Он вновь потряс Женьку за плечо. Но тут же погрустнел.
— Но знаешь ли... своя рубашка... она к телу-то поближе будет. Время такое было — чуть в сторону дернулся, и загремел по полной.
— И как же тогда?.. — Евгению действительно было любопытно.
— А ты про майя сказал, — брякнул Столяров и опрокинул очередную стопку.
— И что же? — опустошив свою, спросил Евгений.
— А то...
Кажется, профессор опять пребывал в некотором сомнении.
— В общем... — начал он. — Дело такое. Хозяин... Ну, ты понимаешь... Который покойный, с культом личности. В общем, он собирался прикрыть марксизм.
— Это как? — Кромлех вытаращил глаза. Он не ожидал ни такого признания, ни того, что его сделает именно идеологически безупречный на вид профессор Столяров, всегда производивший впечатление твердокаменного марксиста-ленинца.

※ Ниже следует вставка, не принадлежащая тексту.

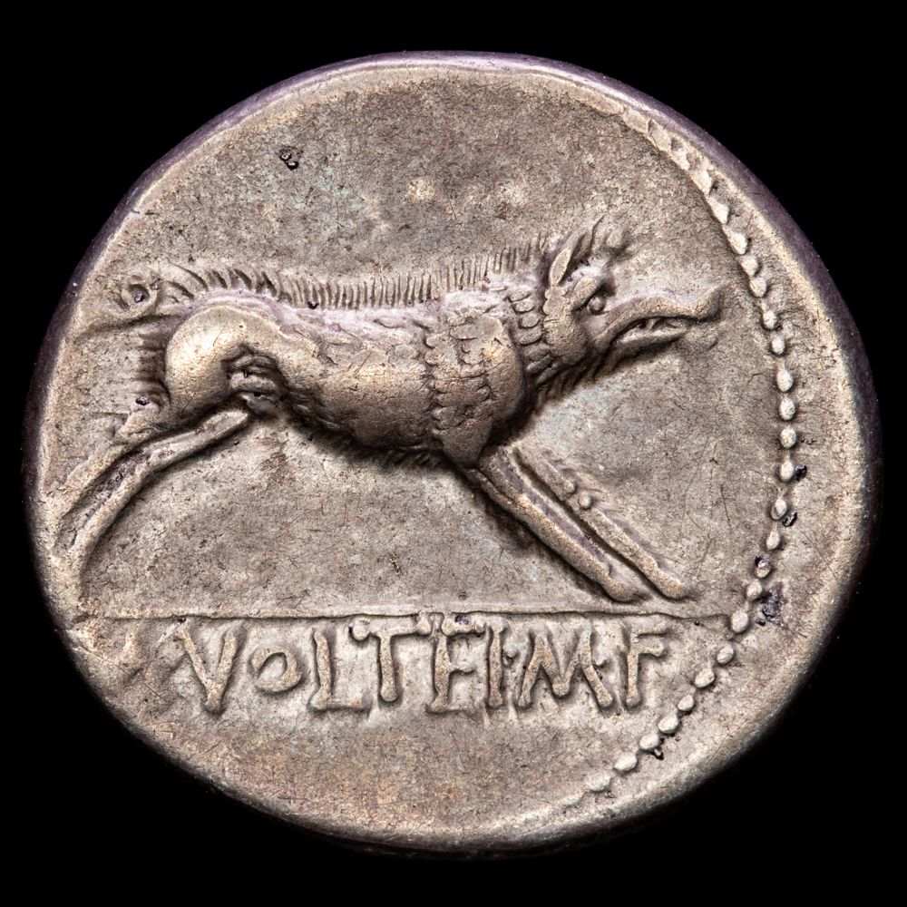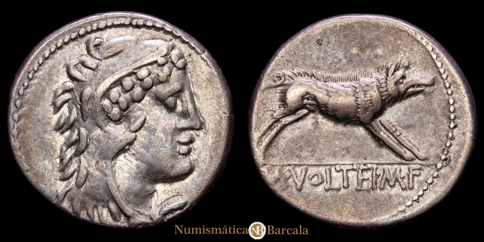 VOLTEIA. M. Volteius M.f. Denario (3,79 g.). Roma, 78 a.C. Anv.: Cabeza de Hércules joven a derecha. Rev.: Jabalí a derecha. En exergo: M. VOLTEI. M. F. BMC-3158; Cal-1395; Craw-385/2; FFC-1233; Se-2. MBC+.
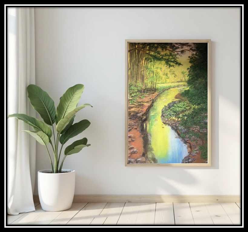 I painted "Hidden" to transport its viewers to a serene oasis nestled deep within the heart of nature. The painting depicts a lush, verdant forest brimming with life, where towering trees stretch their branches to touch the sky and intricate foliage dance in the gentle breeze.
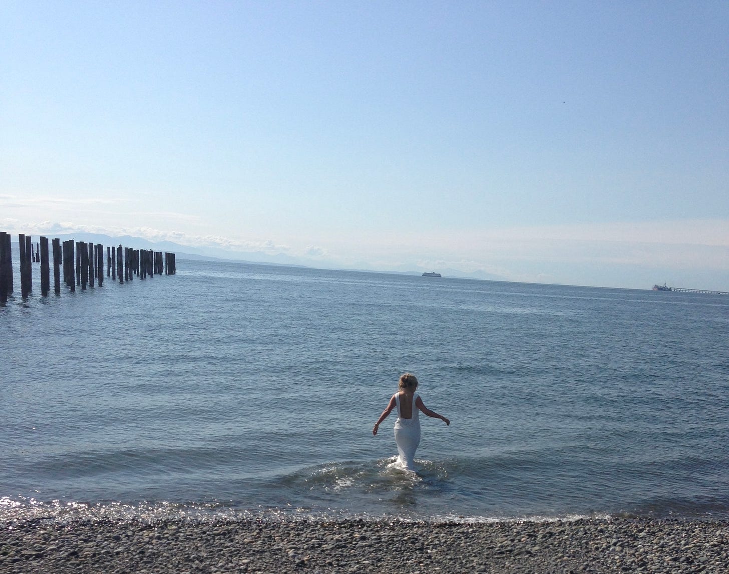 After the reception we decide to walk down to the local dive bar. I kick off my heels. My white polyester wedding dress drags on the gravel road. Someone, not my husband, picked me up and gave me a piggy-back ride to the pub. The party trickled from the bar back to our house. The DJ ended up naked in our hot tub with a handful of people that weren’t even at the wedding. One of my bridesmaids took a running jump into the Jacuzzi, caught her pinky toe on the edge, and nearly ripped it clean off. At that point there was more naked people than water in it anyways. It took a lot of draining and bleaching to convince me to get back in there after that.

Но тот лишь утвердительно кивнул.
— Еще в конце двадцатых. Тогда положения марксизма посыпались — буржуазный мир развивался не так, как классики предрекали.
Евгений ошеломленно смотрел на учителя. А тот продолжал.

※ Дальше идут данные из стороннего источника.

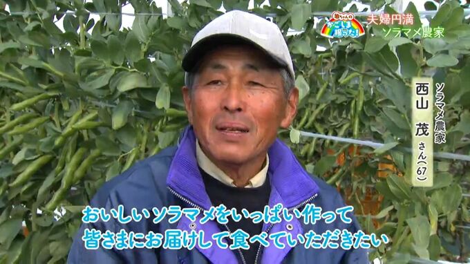 (ソラマメ農家 西山茂さん)「おいしいソラマメをいっぱい作って、皆さまにお届けして食べていただきたい」
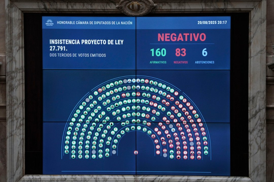 El voto negativo a la insistencia, que en la práctica significa un respaldo al veto presidencial, provino mayoritariamente de los bloques de La Libertad Avanza y el PRO, aunque también sumaron su apoyo un sector de la UCR y otros bloques provinciales. A continuación, el listado completo:
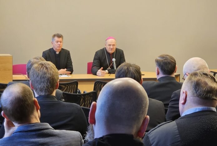 Vyskupas padėkojo kunigams už tarnystę, palinkėjo prasmingo likusio Advento laiko. Vyskupas prisiminė Evangelijos pagal Matą (12, 46–50) ištrauką, tinkančią išgyvenamam laikotarpiui. Marija, kuri pagimdė Jėzų, moko Jo laukti.
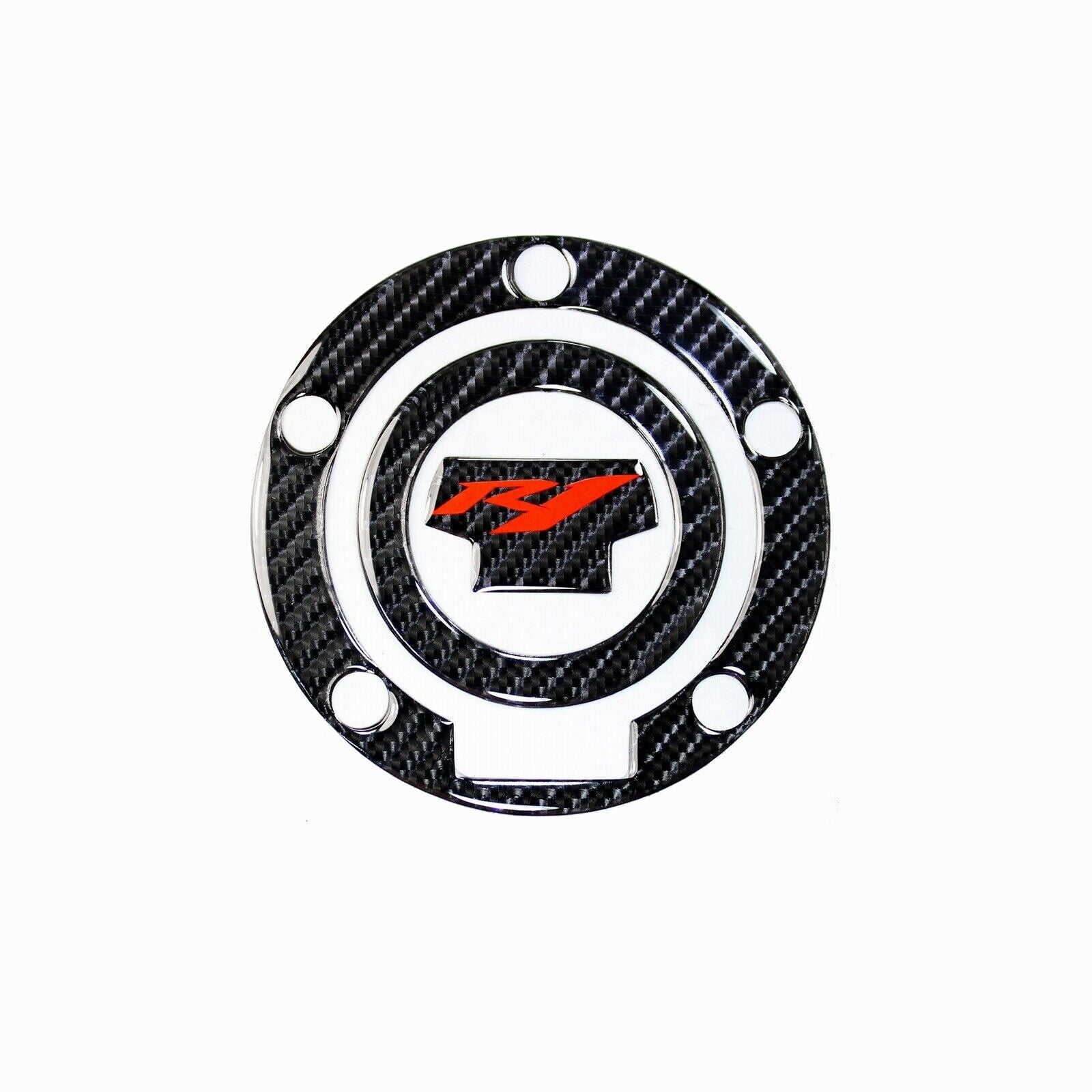 REAL Carbon Fibre Yamaha R1 Fuel / Gas Cap Cover Tank Pad R1S R1M Red Logo

— Началось с завода-автомата Ллойда Смита в Милуоки — ну, не вписывался он в марксизм никоим образом, пролетариата там не было, гегемона. А ведь это основа основ. Дальше — больше...
Николай Алексеевич дернул еще стопку.
— В общем, Хозяин все это просчитал — умен был, этого не отнимешь. Ну и пришел к единственно правильному с его точки зрения решению — СССР должен жить, принципы марксизма должны быть сохранены. Но только их видимость — для народа. А вот образованные партийцы, классиков чуть ли не наизусть знавшие, в эту схему не вписывались, могли игру разоблачить. Дальше — сам понимаешь...
— Нет человека — нет проблемы, — с потемневшим лицом кивнул Евгений, вспоминая изуродованную руку отца.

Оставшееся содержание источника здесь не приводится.